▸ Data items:
================
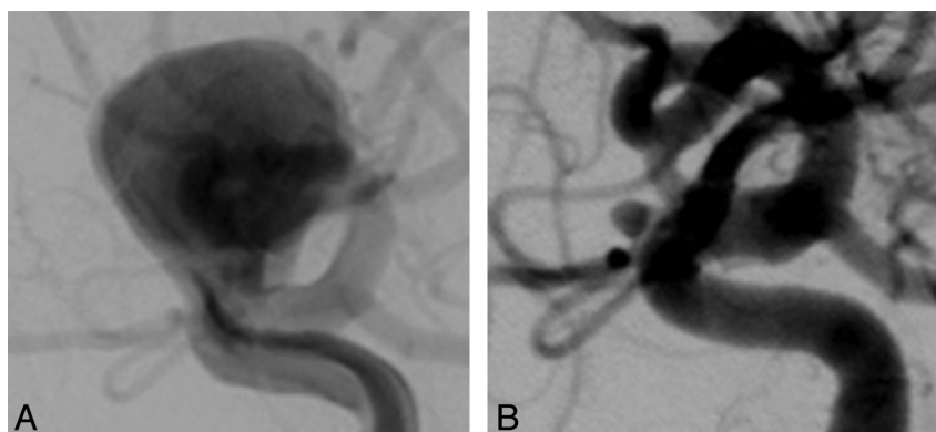
FIG 2. Examples of the major discrepancy among 5 readers. Saccular aneurysm of the left cavernous ICA before (A) and after (B) the procedure. After exclusion of the large aneurysm, another small aneurysm was detected on the anterior genu of the ICA.

Our study had some limitations. As noted, this study was mostly restricted to aneurysms of the paraclinoid ICA, which may have limited the generalizability of our findings. There was clustering of outcomes, with most of the cases demonstrating complete occlusion, which may have lowered the statistical value. 21,22 The definition of “near-complete” or “incomplete” occlusion should be considered specifically in PED embolization because the healing mechanism of the PED is different than that of the coil, and this terminology might create confusion with clinicians regarding decisions for subsequent treatment vs observation. Moreover, in cases of multiple aneurysms, it is necessary to clarify
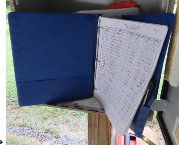
←In the box – Sign the book! →
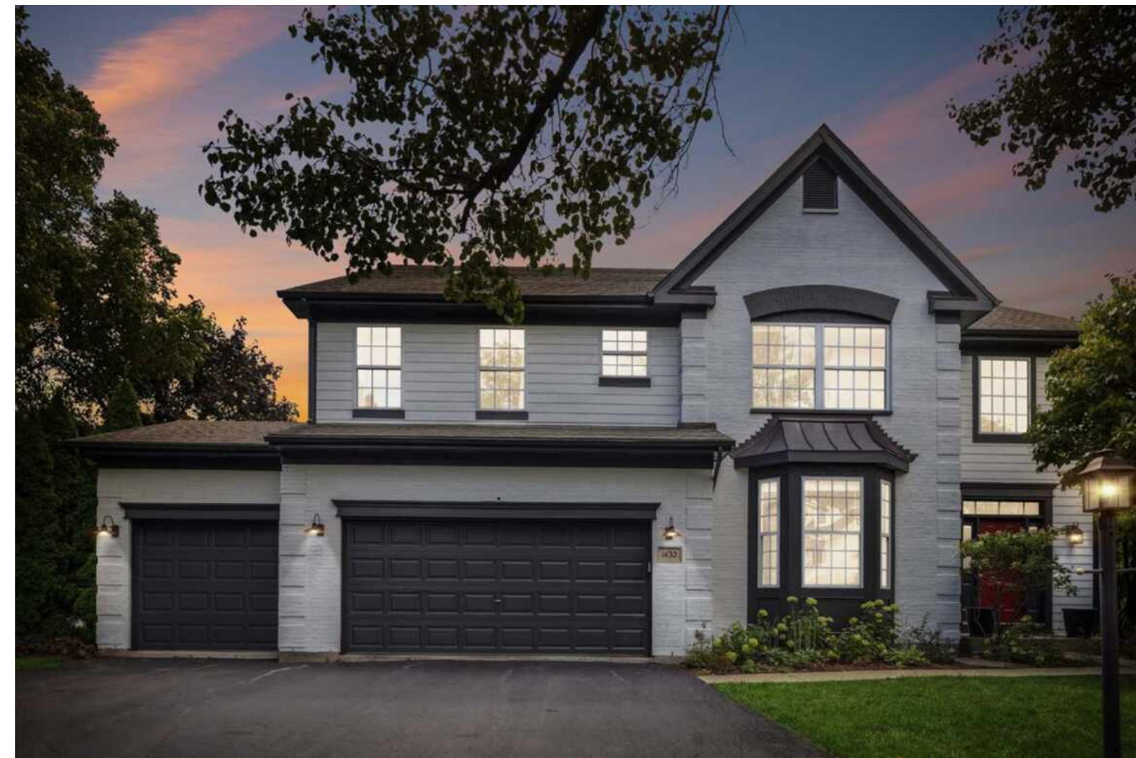
1432 CASCADE LANE • BARRINGTON

@properties | CHRISTIE'S INTERNATIONAL REAL ESTATE
================
▸ Task goal: What is needed is an exact transcription of the lines from the one holding "the book! →" to the end of the data, with every picture left out.

▸ Exercise output:
←In the box – Sign the book! →
1432 CASCADE LANE • BARRINGTON

@properties | CHRISTIE'S INTERNATIONAL REAL ESTATE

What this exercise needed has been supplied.